TASK REQUIREMENTS: Look in the listing below for the line that has "Among the works", then return it and each following line up to and including the one with "湖南省醴陵市仁愛醫(yī)院", exactly and without pictures.

DATA:

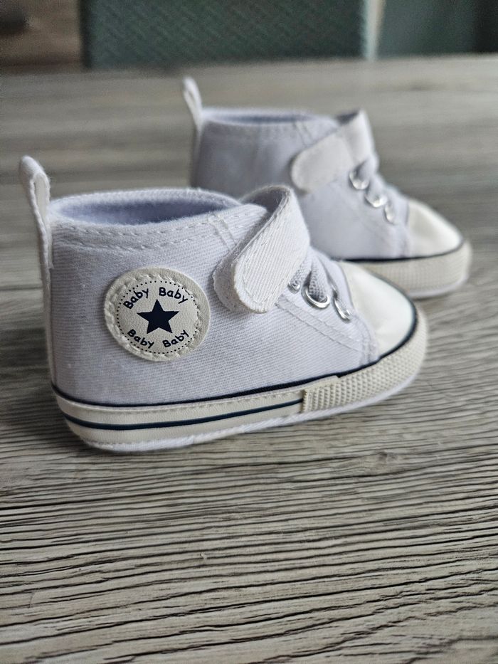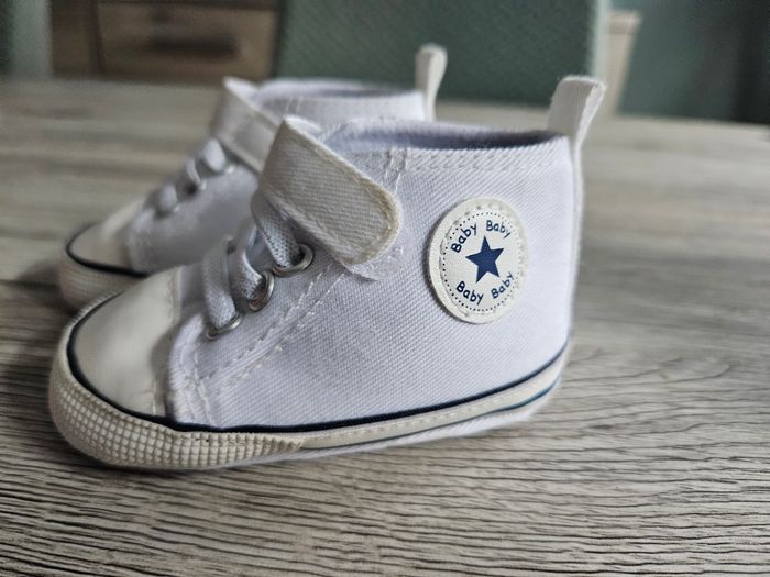 Basket blanche montante lacet élastique + scratch taille 3/6mois
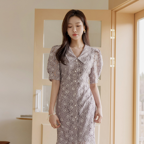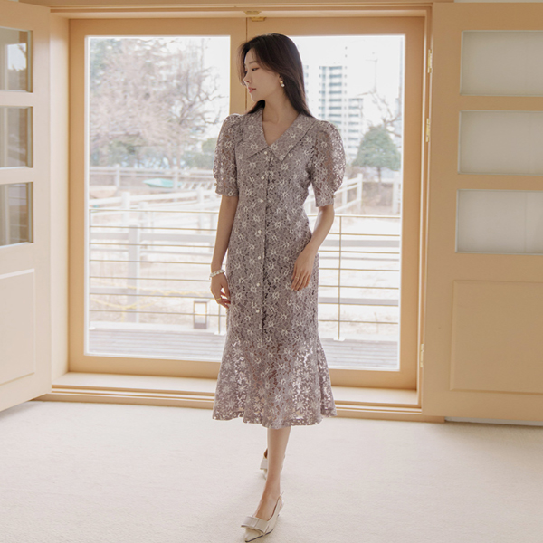 Romantic Flower Mermaid Puff Shoulder Dress
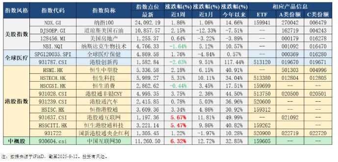 海外市场方面:中国互联网30表现最好,涨跌幅为6.32%;港股创新药指数表现最差,涨跌幅为-2.63%。
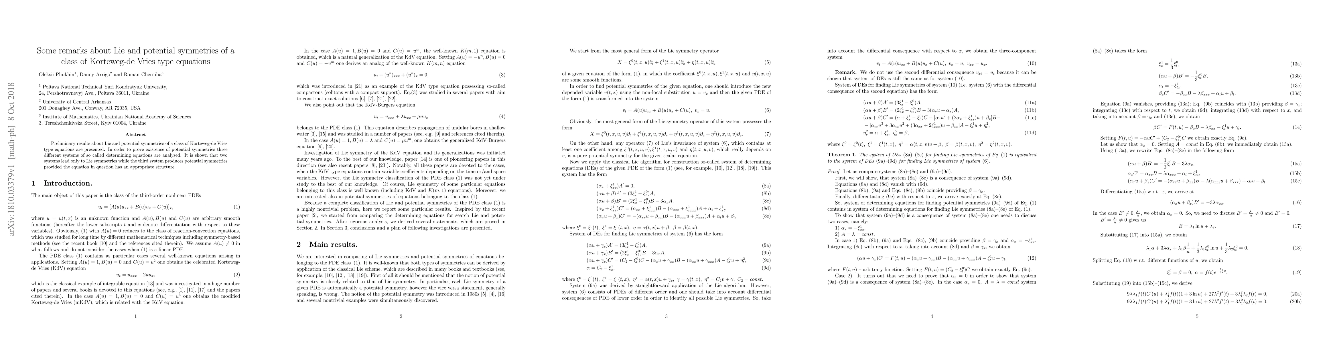 Preliminary results about Lie and potential symmetries of a class of Korteweg-de Vries type equations are presented. In order to prove existence of potential symmetries three different systems of so called determining equations are analysed. It is shown that two systems lead only to Lie symmetries while the third system produces potential symmetries provided the equation in question has an appropriate structure
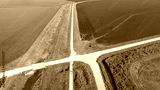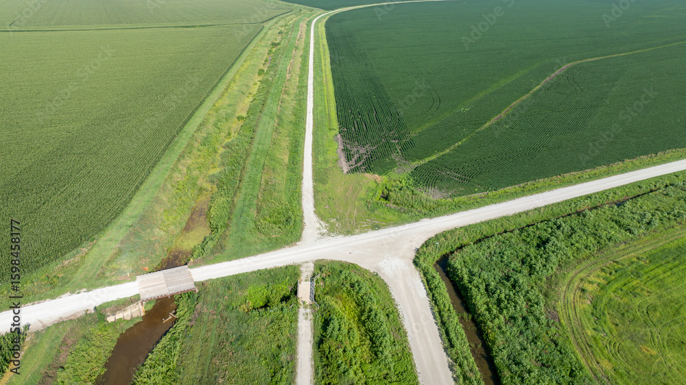 Steamboat Trace, bike trail converted from an abandoned railroad, running through Nebraska farmland near Peru, summer aerial view with green corn fields
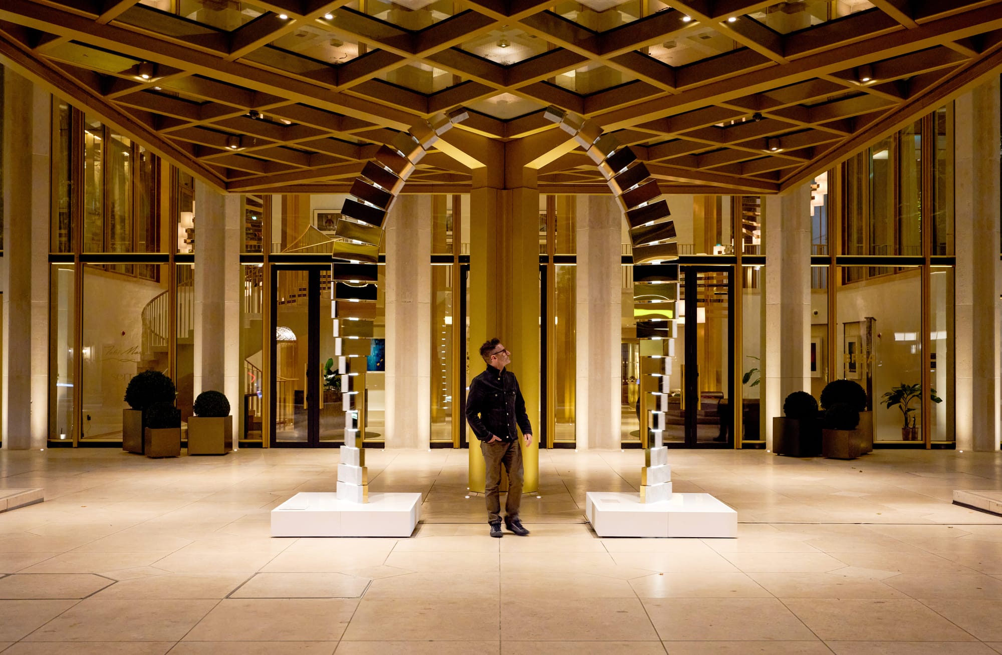 Among the works is Carbon Wake, a 20-foot-wide gold kinetic piece that will hang on the façade of 1 Hotel South Beach. A large moving archway titled Consumption will rise from Tala Beach.
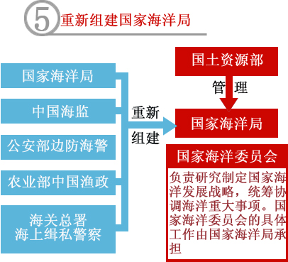 - 解析:方案提出,將現(xiàn)國(guó)家海洋局及其中國(guó)海監(jiān)、公安部邊防海警、農(nóng)業(yè)部中國(guó)漁政、海關(guān)總署海上緝私警察的隊(duì)伍...
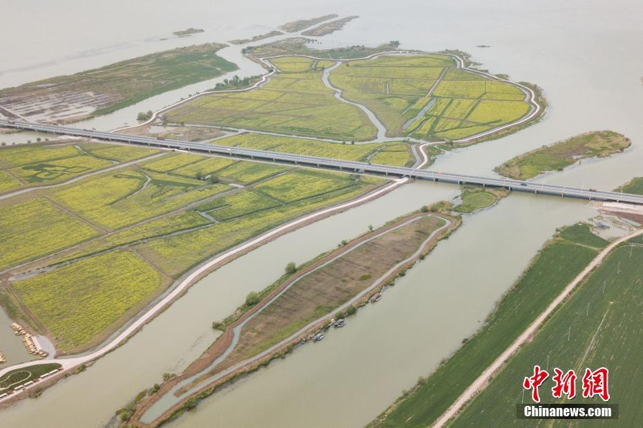 4月16日,航拍江苏高邮湖郊野公园内盛开的油菜花,田间“高邮”二字和盂城古驿站、明清南门、唐镇国寺塔等当地历史文化古迹等图案格外醒目。高邮地处长江三角洲的江苏省中部、里下河西缘,土地肥沃,物产丰富,素有“鱼米之乡”之称。 中新社记者 泱波 摄
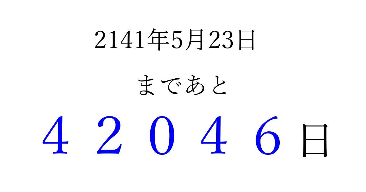 2141年5月23日(火)まで あと 99999 日です 追加すると、トップページからすぐ選べるようになります ※2026/04/10現在の結果です。 最新の状態に更新する ↓シェアして、タイムライン上にカウントダウンを表示しよう!↓ 📤 この結果を共有する Tweet シェア Threads Bluesky 別の日付でカウントダウン 2141年5月のカレンダー このページをブックマークに追加すると、いつでもカウントダウンを確認できます。 (PC: Ctrl+D / Mac: ⌘+D) hitome-notes.comでは以下のページも運営しています。 指定日と期間から日付を計算 | ガチャ確率計算・シミュレーション | プライバシー・ポリシー 運営者:Avocado
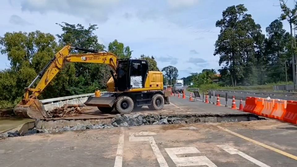 วันที่ 1ตุลาคม 68 ผู้สื่อข่าวรายงานถึงสถานการณ์น้ำท่วมล่าสุด จากฤทธิ์พายุ “บัวลอย”ที่ได้ส่งผลกระทบอย่างหนักในพื้นที่ชายแดนไทย–กัมพูชา ในหลายพื้นที่ มวลน้ำจากเทือกเขาพนมดงรัก จากพื้นที่ ต.ตาตุมและ ต.เทพรักษา อ.สังขะฯได้พัดถนนขาดหลายแห่ง โดยเฉพาะสะพานบนถนนสายหลักเชื่อมระหว่างหมู่บ้านขนาดมอญ ต.ตาตุม อ.สังขะ จ.สุรินทร์ ที่ถูกมวลน้ำไหลเชี่ยวกัดเซาะจนคอสะพานชำรุดเสียหาย ทำให้การสัญจรลำบาก รถใหญ่ไม่สามารถผ่านได้ จนท.จากแขวงการทางสุรินทร์ ได้ลงพื้นที่ซ่อมแซมคอสะพานเพื่อให้รถยนต์สามารถสัญจรผ่านได้ ขณะที่พื้นที่อื่นๆองค์กรปกครองส่วนท้องถิ่นได้ลงพื้นที่สำรวจความเสียหายเพื่อช่วยเหลือประชาชนและซ่อมแซมถนนจุดที่ชำรุดแล้ว หลังจากปริมาณน้ำ ในพื้นที่ตำบลต้นน้ำอาทิ ต.ตาตุม,ต.เทพรักษา และพื้นที่ อ.สังขะ เริ่มลดลงแล้วตามลำดับ
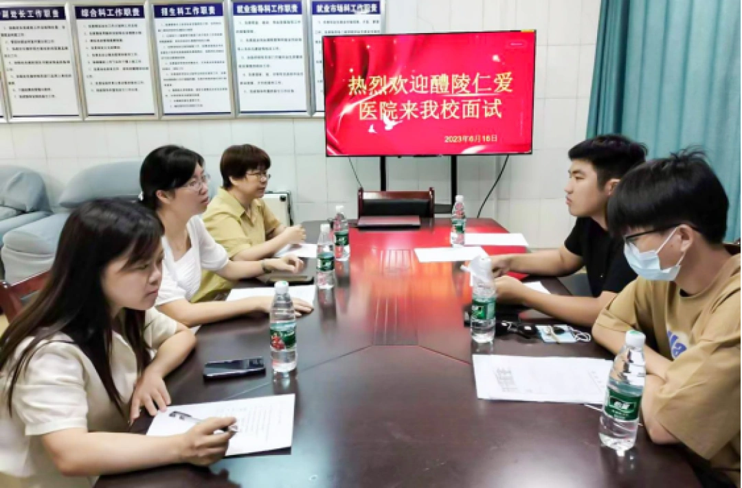 湖南省醴陵市仁愛醫(yī)院等醫(yī)院進校攬才,招聘單位通過播放宣傳片、PPT展示、面對面交流等方式向同學(xué)們介紹公司概況、薪酬待遇、發(fā)展前景、崗位需求等情況,畢業(yè)生們與醫(yī)院招聘人員面對面咨詢交流洽談,并按照自己的求職意向投遞簡歷。
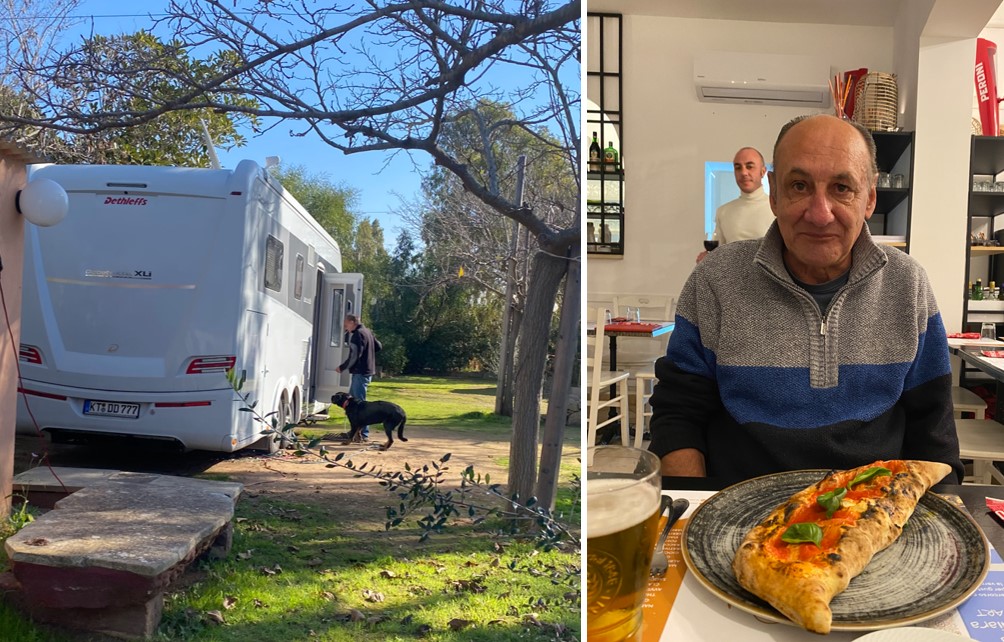 Ganz nebenbei gibt’s noch einen weiteren Bonus: die Monatsmiete für meinen Platz ist 400 Euro inklusive Strom und heisses Wasser in den immer sauberen Duschen – es zieht dort dafür etwas. Das Ristorante Torre Sabea ist in 20 Metern Entfernung und das Mittelmeer gleich über der Strasse. Beinahe ideale Wohnbedingungen, nicht ? Finde ich auch !
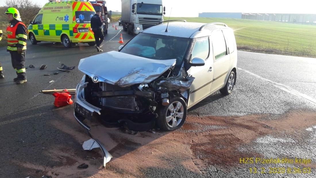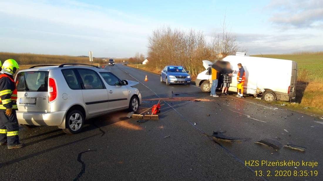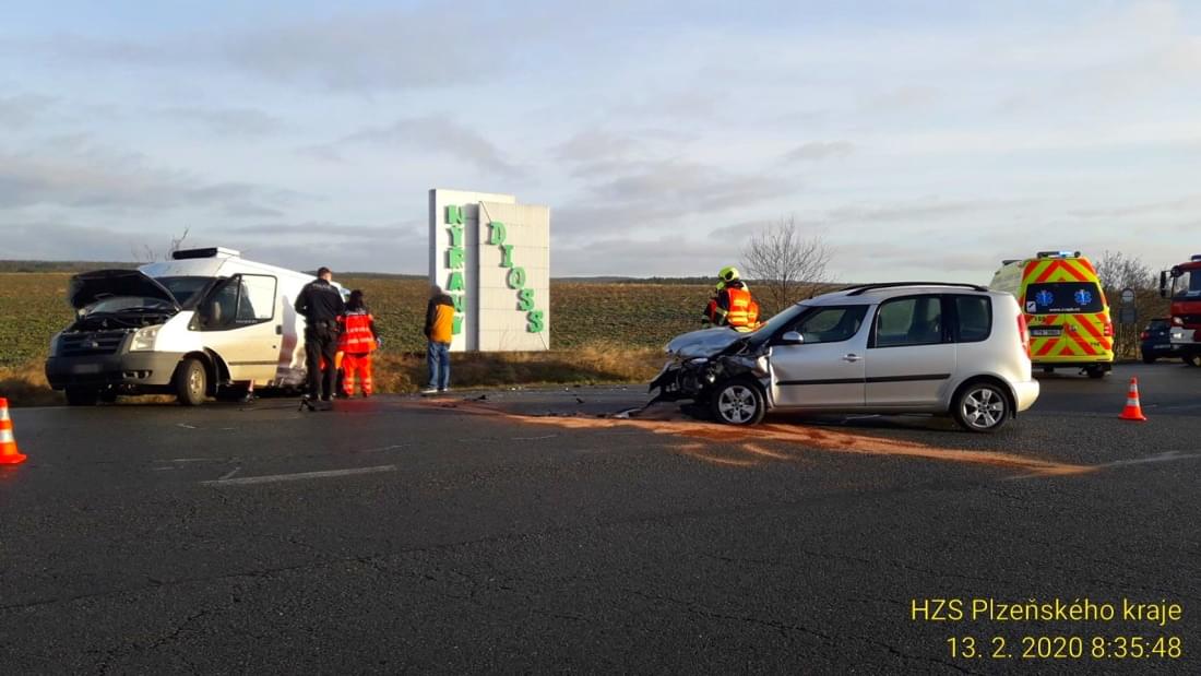 Jen o několik minut později vyjížděly všechny záchranné složky na silnici mezi Nýřany a Blatnice, kde u odbočky na Dioss došlo ke střetu dodávky a osobního automobilu.

RESULT BELOW:
 Among the works is Carbon Wake, a 20-foot-wide gold kinetic piece that will hang on the façade of 1 Hotel South Beach. A large moving archway titled Consumption will rise from Tala Beach.
 - 解析:方案提出,將現(xiàn)國(guó)家海洋局及其中國(guó)海監(jiān)、公安部邊防海警、農(nóng)業(yè)部中國(guó)漁政、海關(guān)總署海上緝私警察的隊(duì)伍...
 4月16日,航拍江苏高邮湖郊野公园内盛开的油菜花,田间“高邮”二字和盂城古驿站、明清南门、唐镇国寺塔等当地历史文化古迹等图案格外醒目。高邮地处长江三角洲的江苏省中部、里下河西缘,土地肥沃,物产丰富,素有“鱼米之乡”之称。 中新社记者 泱波 摄
 2141年5月23日(火)まで あと 99999 日です 追加すると、トップページからすぐ選べるようになります ※2026/04/10現在の結果です。 最新の状態に更新する ↓シェアして、タイムライン上にカウントダウンを表示しよう!↓ 📤 この結果を共有する Tweet シェア Threads Bluesky 別の日付でカウントダウン 2141年5月のカレンダー このページをブックマークに追加すると、いつでもカウントダウンを確認できます。 (PC: Ctrl+D / Mac: ⌘+D) hitome-notes.comでは以下のページも運営しています。 指定日と期間から日付を計算 | ガチャ確率計算・シミュレーション | プライバシー・ポリシー 運営者:Avocado
 วันที่ 1ตุลาคม 68 ผู้สื่อข่าวรายงานถึงสถานการณ์น้ำท่วมล่าสุด จากฤทธิ์พายุ “บัวลอย”ที่ได้ส่งผลกระทบอย่างหนักในพื้นที่ชายแดนไทย–กัมพูชา ในหลายพื้นที่ มวลน้ำจากเทือกเขาพนมดงรัก จากพื้นที่ ต.ตาตุมและ ต.เทพรักษา อ.สังขะฯได้พัดถนนขาดหลายแห่ง โดยเฉพาะสะพานบนถนนสายหลักเชื่อมระหว่างหมู่บ้านขนาดมอญ ต.ตาตุม อ.สังขะ จ.สุรินทร์ ที่ถูกมวลน้ำไหลเชี่ยวกัดเซาะจนคอสะพานชำรุดเสียหาย ทำให้การสัญจรลำบาก รถใหญ่ไม่สามารถผ่านได้ จนท.จากแขวงการทางสุรินทร์ ได้ลงพื้นที่ซ่อมแซมคอสะพานเพื่อให้รถยนต์สามารถสัญจรผ่านได้ ขณะที่พื้นที่อื่นๆองค์กรปกครองส่วนท้องถิ่นได้ลงพื้นที่สำรวจความเสียหายเพื่อช่วยเหลือประชาชนและซ่อมแซมถนนจุดที่ชำรุดแล้ว หลังจากปริมาณน้ำ ในพื้นที่ตำบลต้นน้ำอาทิ ต.ตาตุม,ต.เทพรักษา และพื้นที่ อ.สังขะ เริ่มลดลงแล้วตามลำดับ
 湖南省醴陵市仁愛醫(yī)院等醫(yī)院進校攬才,招聘單位通過播放宣傳片、PPT展示、面對面交流等方式向同學(xué)們介紹公司概況、薪酬待遇、發(fā)展前景、崗位需求等情況,畢業(yè)生們與醫(yī)院招聘人員面對面咨詢交流洽談,并按照自己的求職意向投遞簡歷。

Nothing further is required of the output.